What it does
The Competition Policy Reform Act 1995 is not a standalone code but a comprehensive amending statute that rewrites large portions of the Trade Practices Act 1974 (the Principal Act). Its core substantive effect is threefold.
First, it establishes institutional machinery. Part 3 of the 1995 Act replaces the Trade Practices Commission and Trade Practices Tribunal with the Australian Competition and Consumer Commission (new s 6A and amended s 7) and renames the Tribunal the Australian Competition Tribunal. It simultaneously creates the National Competition Council as a separate advisory body (new Part IIA, ss 29A–29O). The Council’s functions expressly include research, advice to the Minister, and recommendations on declaration of services under the new access regime (s 29B).
Second, the Act introduces a national access regime for essential infrastructure. New Part IIIA (inserted by s 59) creates a multi-stage process. A person may request the Council to recommend that a service be declared (s 44F). The Council cannot recommend declaration unless satisfied of six cumulative criteria, including that access would promote competition in a dependent market, the facility is uneconomic to duplicate, it is of national significance, and access is not already the subject of an effective access regime (s 44G(2)). The designated Minister then decides (s 44H), with merits review by the Tribunal (ss 44K, 44L). Once declared, access disputes are arbitrated by the Commission (ss 44S–44V), subject to strict limits (s 44W) and mandatory considerations (s 44X). Registered contracts, undertakings for non-declared services, and prohibitions on hindering access complete the regime (Divisions 4–7).

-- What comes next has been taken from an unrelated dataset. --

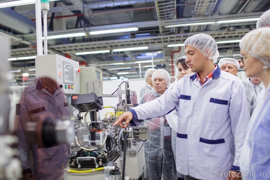 Другая разработка завода – светильник-трансформер серии Prom. Модульная конструкция может быть длиной от 20см до 3м. Имеется взрывозащищенное исполнение корпуса, что позволяет использовать его на объектах Росатома и компании Лукойл. Как опция предлагается покрытие светящей поверхности матовой пленкой для рассеянного света. Комплектация светильника соответствующими светодиодами позволяет использовать его в тепличных хозяйствах, что уже подтвердило увеличение урожайности на 15%. Блок питания светильника имеет защиту от перепадов напряжения, перегрева, импульса до 1000В, короткого замыкания.
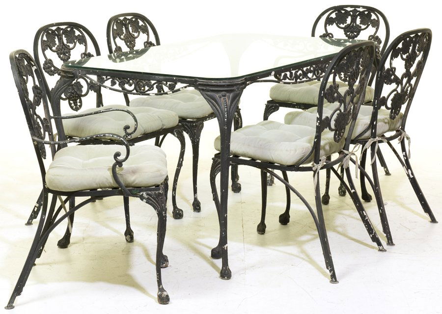 Sold7 PIECE CAST METAL PATIO SET7 PIECE CAST METAL PATIO SET, TABLE IS 72 IN X 48 IN, 6 ARM CHAIRS, INCLUDES UMBRELLA HOLDERSee Sold Price

Third, the Act implements uniform competition rules through the Competition Code. New Part XIA (inserted by s 26) defines the Code as the Schedule version of Part IV plus associated provisions (s 150C). Participating jurisdictions apply the Code as law of their jurisdiction (s 150A). Federal Court jurisdiction is conferred, cross-vesting preserved, and double jeopardy prevented (ss 150D–150H). Authorisations and notifications under the federal Act can cover Code conduct (s 150J). The Minister may gazette jurisdictions that have modified the Code excessively (s 150K).